RECORDS FOR PROCESSING:
####################

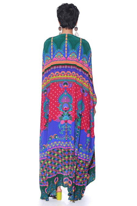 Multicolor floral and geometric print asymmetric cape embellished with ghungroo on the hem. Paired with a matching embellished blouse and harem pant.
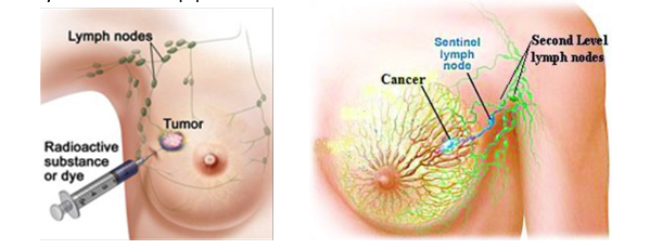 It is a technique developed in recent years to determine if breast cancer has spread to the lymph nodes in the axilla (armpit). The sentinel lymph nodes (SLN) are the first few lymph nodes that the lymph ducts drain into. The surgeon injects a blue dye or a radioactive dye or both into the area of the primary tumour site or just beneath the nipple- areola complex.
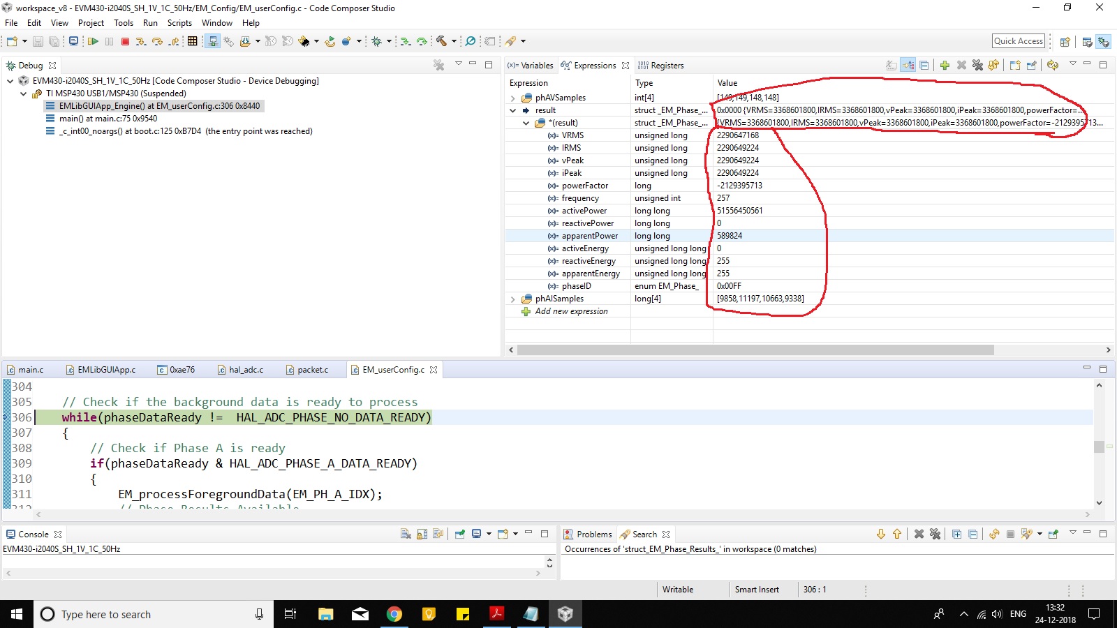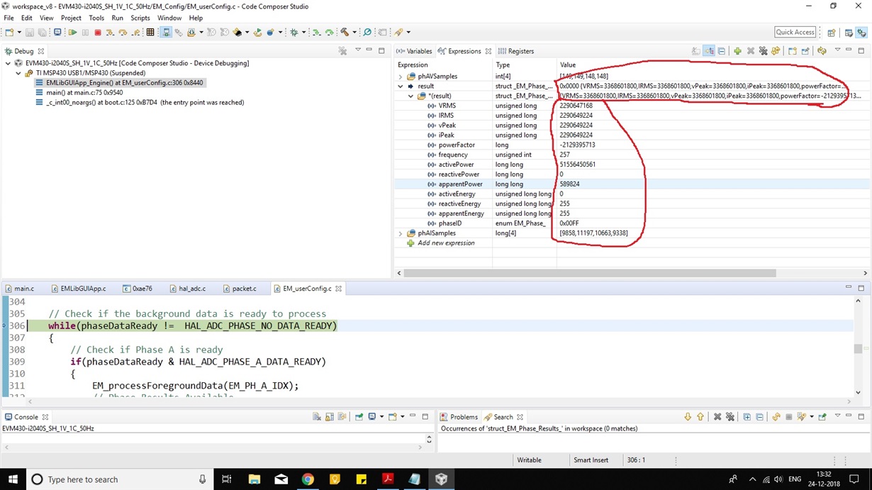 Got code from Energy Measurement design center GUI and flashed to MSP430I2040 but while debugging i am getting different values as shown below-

####################

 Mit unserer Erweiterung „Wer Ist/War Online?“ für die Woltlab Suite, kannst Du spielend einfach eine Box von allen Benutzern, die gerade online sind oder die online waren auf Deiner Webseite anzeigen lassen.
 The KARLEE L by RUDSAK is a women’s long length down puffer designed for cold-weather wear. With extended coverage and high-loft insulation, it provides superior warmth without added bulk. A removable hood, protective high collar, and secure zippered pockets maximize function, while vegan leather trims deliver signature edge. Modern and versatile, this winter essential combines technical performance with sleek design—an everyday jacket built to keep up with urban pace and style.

####################

WHAT IS BEING ASKED: What you write out is the stretch of entries from the line containing "Multicolor floral and" to the line containing "Got code from", word for word, with both end lines and no pictures.

YOUR RESPONSE:
 Multicolor floral and geometric print asymmetric cape embellished with ghungroo on the hem. Paired with a matching embellished blouse and harem pant.
 It is a technique developed in recent years to determine if breast cancer has spread to the lymph nodes in the axilla (armpit). The sentinel lymph nodes (SLN) are the first few lymph nodes that the lymph ducts drain into. The surgeon injects a blue dye or a radioactive dye or both into the area of the primary tumour site or just beneath the nipple- areola complex.
 Got code from Energy Measurement design center GUI and flashed to MSP430I2040 but while debugging i am getting different values as shown below-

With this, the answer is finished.